Objective: To develop a database for neuromuscular diagnoses
Methods: We developed a detailed diagnostic coding system for neuromuscular diseases called DEMAND: Database Evaluation for Muscle and Nerve Diseases that has been adopted by neuromuscular clinics at University of Texas Health Science Center San Antonio (UTHSCSA), Ohio State University (OSU), University of Kansas Medical Center (KUMC), and University of Texas Southwestern (UTSW). At the initial visit, patients are assigned a diagnostic code which can be revised later if appropriate. Fields include patient’s name, date of birth, and diagnostic code. The neuromuscular database consisted of 457 codes. Each code has a prefix (MUS or PNS) followed by a three-digit number. Depending on whether muscle or nerve is primarily involved, there are eight broad groups: motor neuron disease (MUS codes 100-139); neuromuscular junction disorders (MUS 200-217); acquired and hereditary myopathies (MUS 300-600s); acquired and hereditary polyneuropathies (PNS 100-400); mononeuropathies (PNS 500s); plexopathies (PNS 600s); radiculopathies (PNS 700s); and mononeuritis multiplex (PNS 800s).
Results: During a period of 10 years, 17,163 of patients were entered (1,752 at UTHSCSA, 1,840 at OSU, 3,699 at KUMC, 9,872 at UTSW). The number of patients in several broad categories are: 3,080 motor neuron disease; 1,575 neuromuscular junction disease; 1,851 muscular dystrophies; 633 inflammatory myopathies; 1,090 hereditary neuropathies; 1,001 immune-mediated polyneuropathies; 620 metabolic/toxic polyneuropathies; 535 mononeuropathies; 296 plexopathies; and 769 radiculopathies.

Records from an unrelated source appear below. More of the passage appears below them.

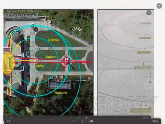 如果我们把天文台的建筑角线,与壁画路线结合起来你基本明白了一半。请注意一下“壁画”眼睛连接线直达“裂缝卵蛋”。壁画想说的的是:“卵蛋”在我的视界范围内,我盯着它看。这个“卵蛋”现在还没成熟,所以这个蛋,现在应该是完整的。那么它在哪呢? 哈哈哈
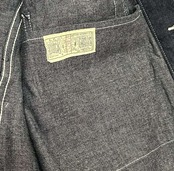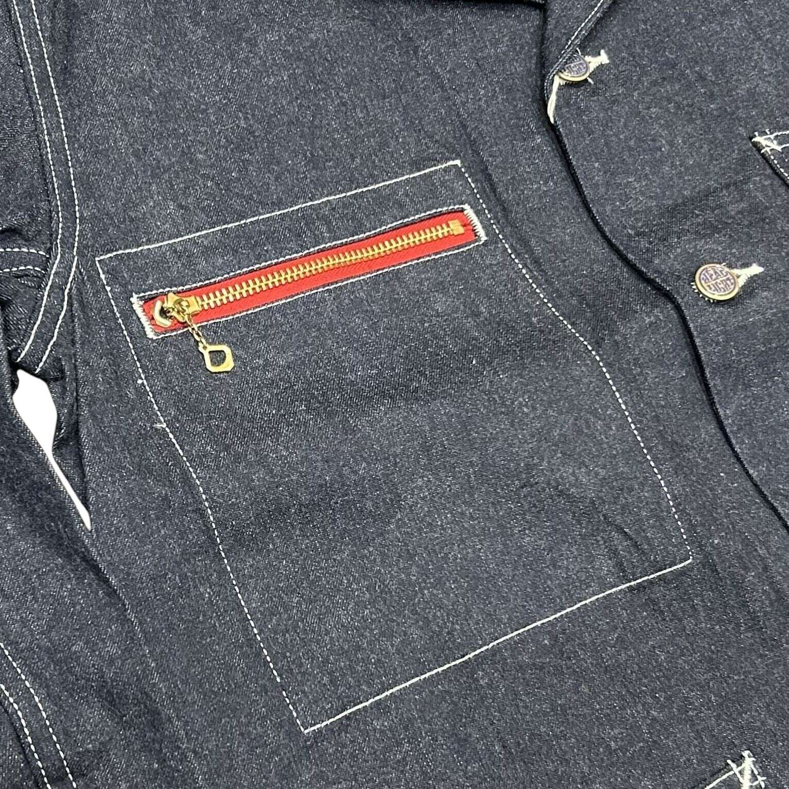 右胸にファスナーポケットの付いた非常に珍しい1950年代のワークコート。中でもレッドのファスナーテープ仕様のものは、まず見かけることのないレアなタイプで当時のスペシャルオーダーモデルと推測される。生地は緯糸がグレーのブルーデニム、襟は台襟が無いためボタンで閉じてもフィットするコンバーチブルカラー。腰には左右に大型の当て布付きポケットを持ち、左胸には内ポケットも装備している。レッドのファスナーテープはコットン製のため、デニムと同様に褪色などの経年変化に期待できる。
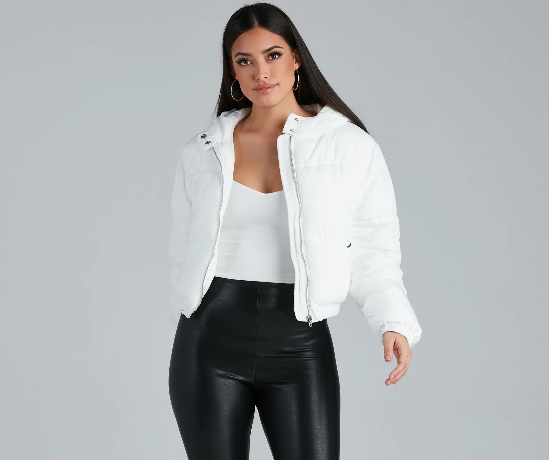 Layer on this adorable puffer jacket for a cute and cozy winter look! It features a hood. dual snap-button details at the neckline. a complete zip-front. long sleeves. and a relaxed. comfortable fit. Pair this trendy jacket with a .
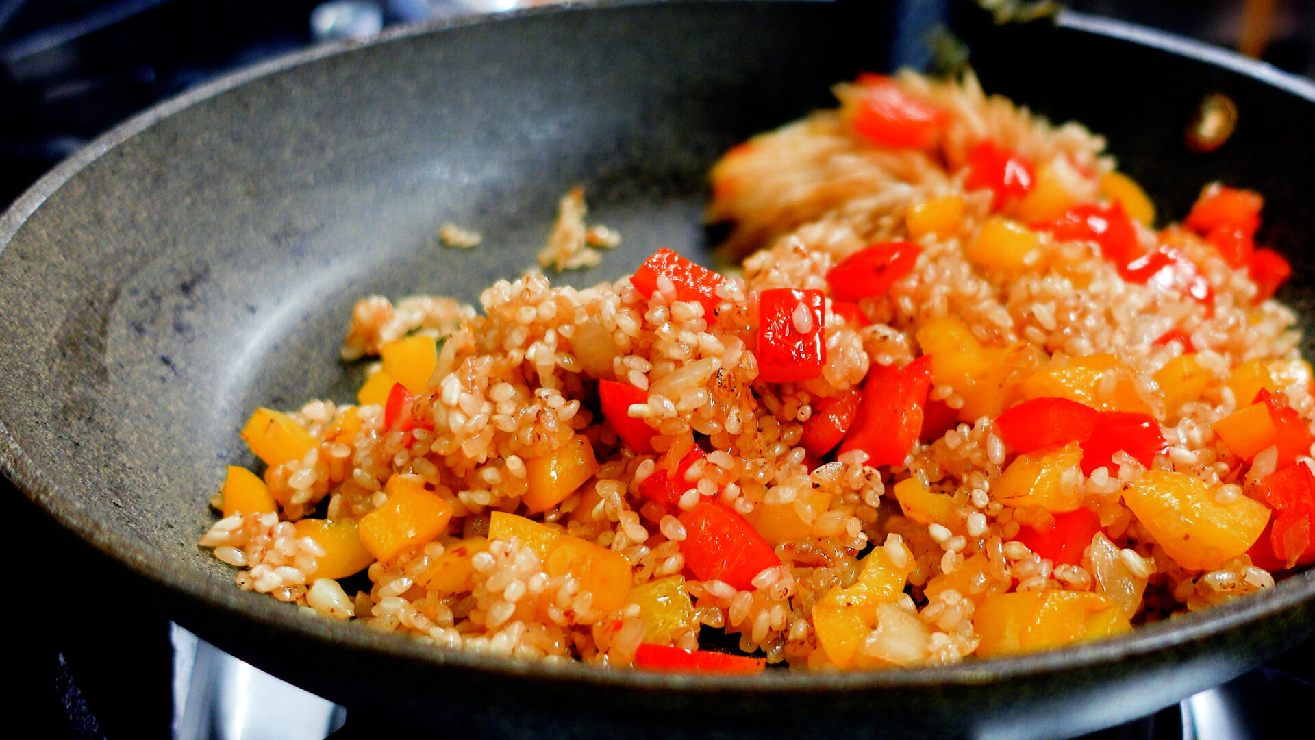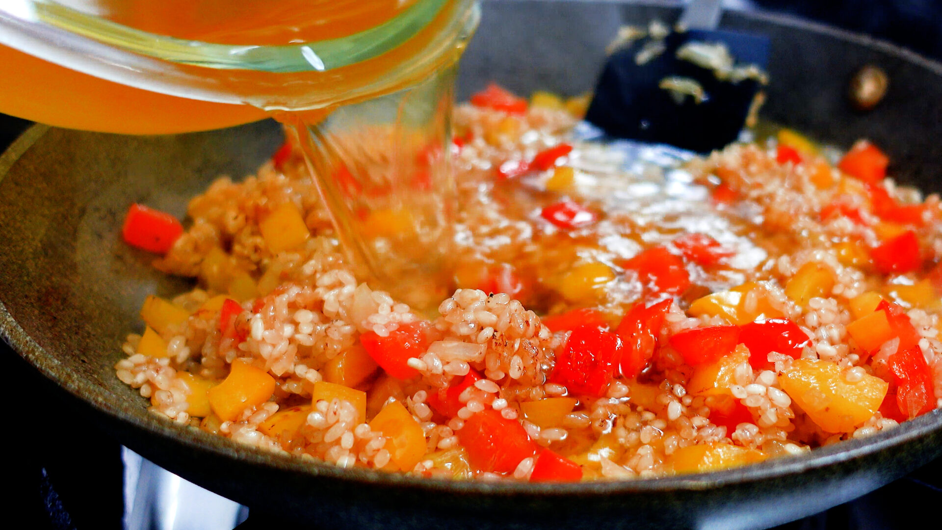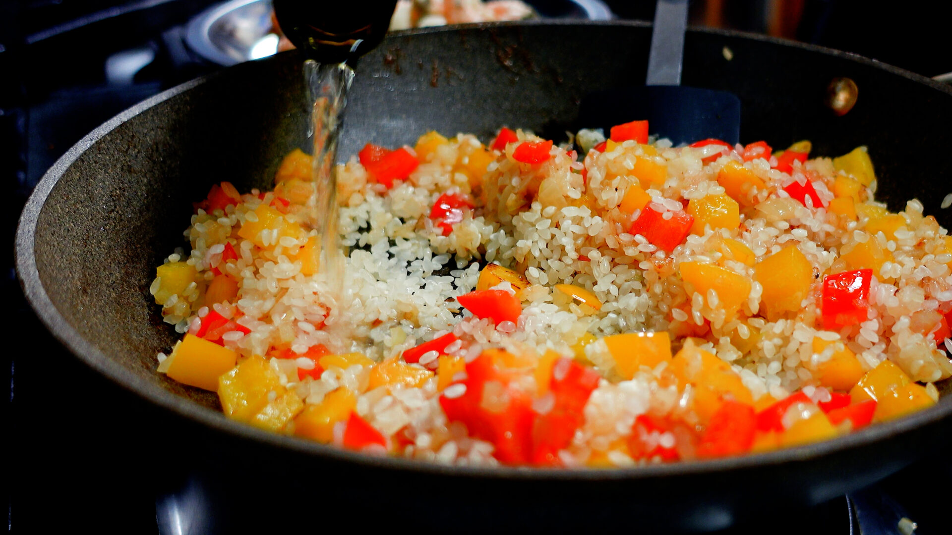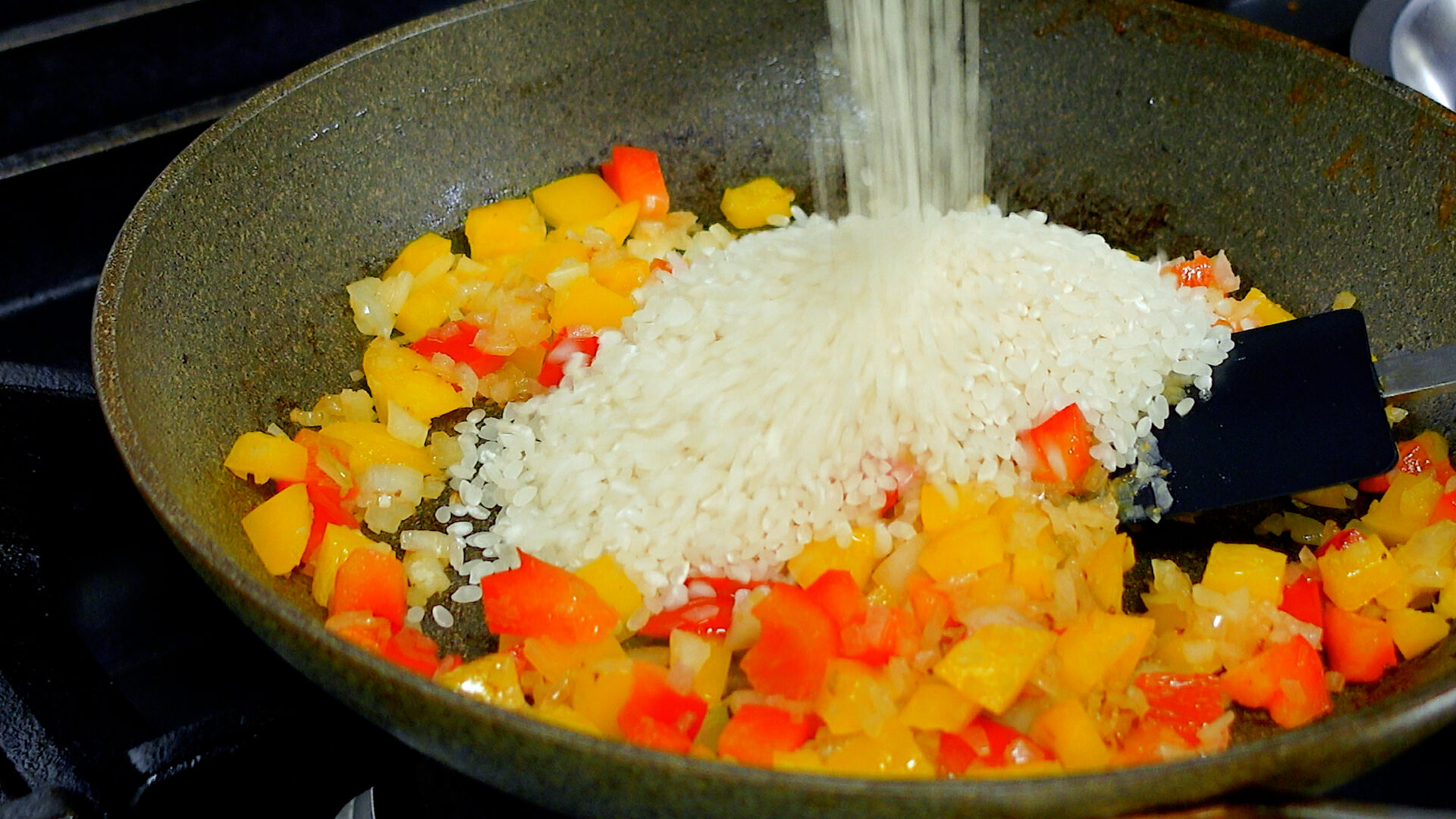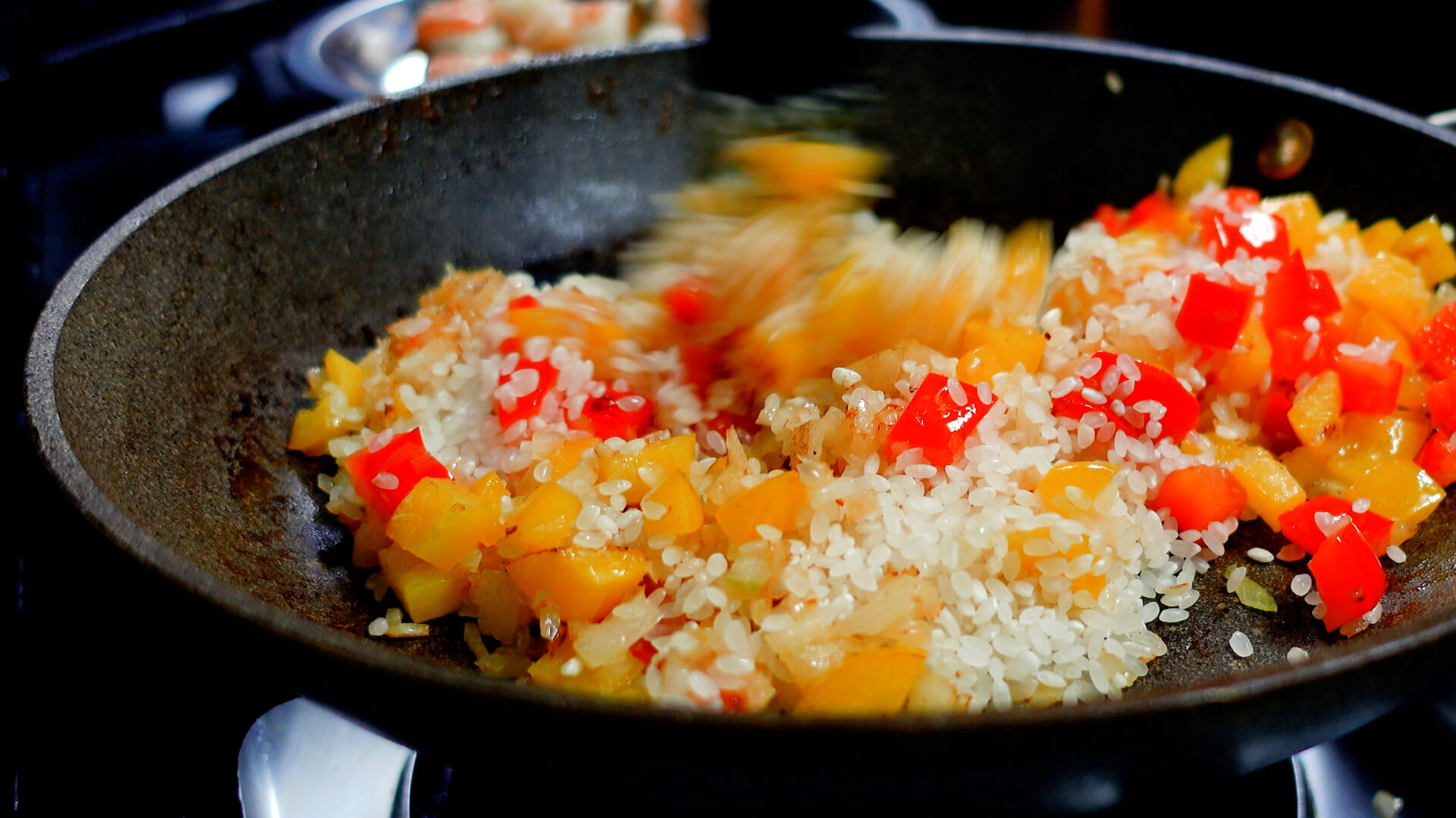 玉ねぎがしんなりしてきたら米を加え、米に油がまわるように炒める。
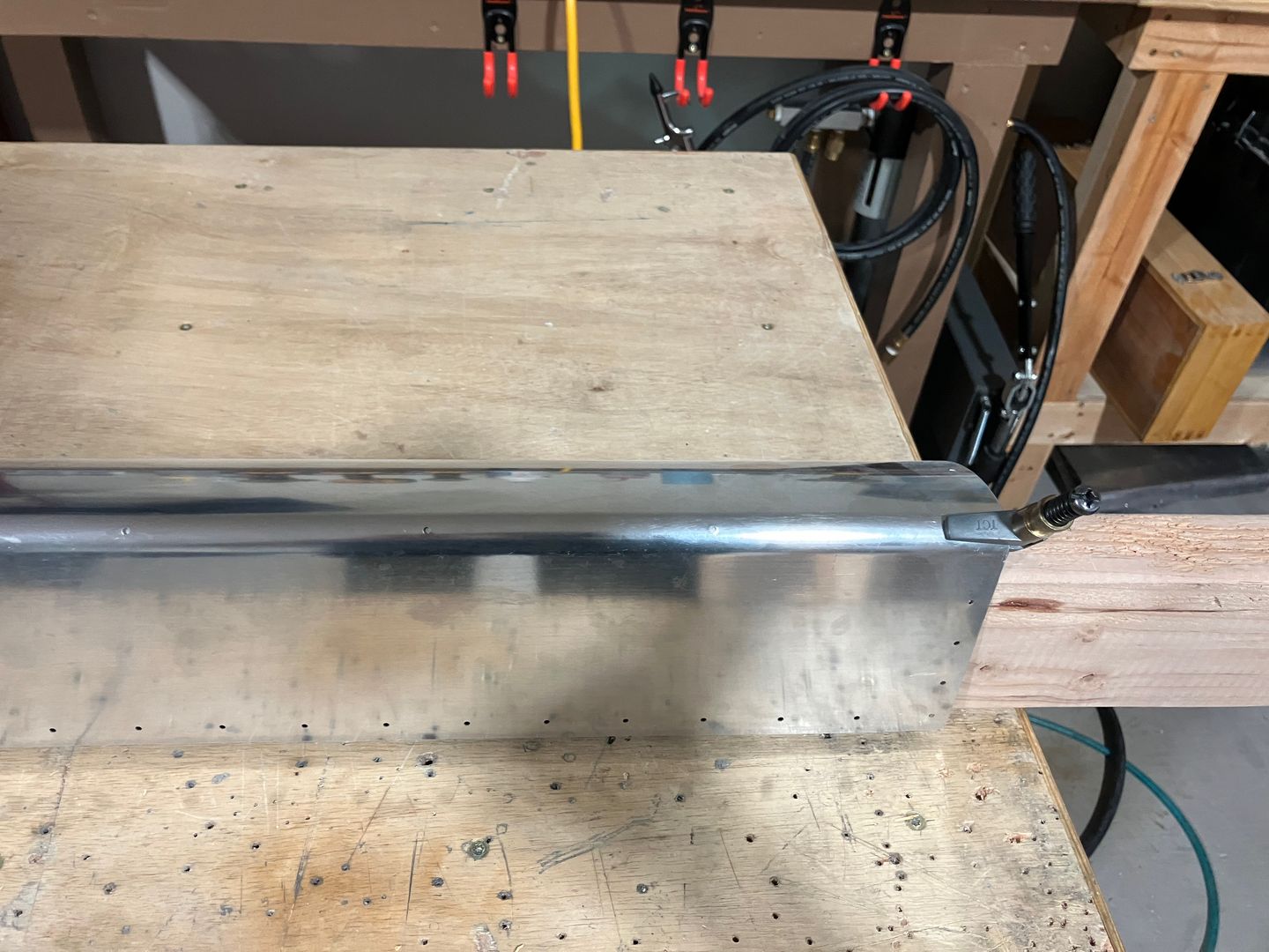 First, I clamped the pipe to the nose skin. I pushed the pipe as forward as possible.

Conclusion: A detailed diagnostic neuromuscular database can be utilized at multiple academic centers. The database should be simple without too many fields to complete, to ensure compliance during busy clinic operations. This database has been very useful in identifying groups of patients for retrospective, observational studies and for prospective treatment studies including trials for Amyotrophic Lateral Sclerosis (ALS), Muscular Dystrophies (MD), Myasthenia Gravis (MG), and retrospective studies of Primary Lateral Sclerosis (PLS), chronic inflammatory demyelinating neuropathy (CIDP), etc.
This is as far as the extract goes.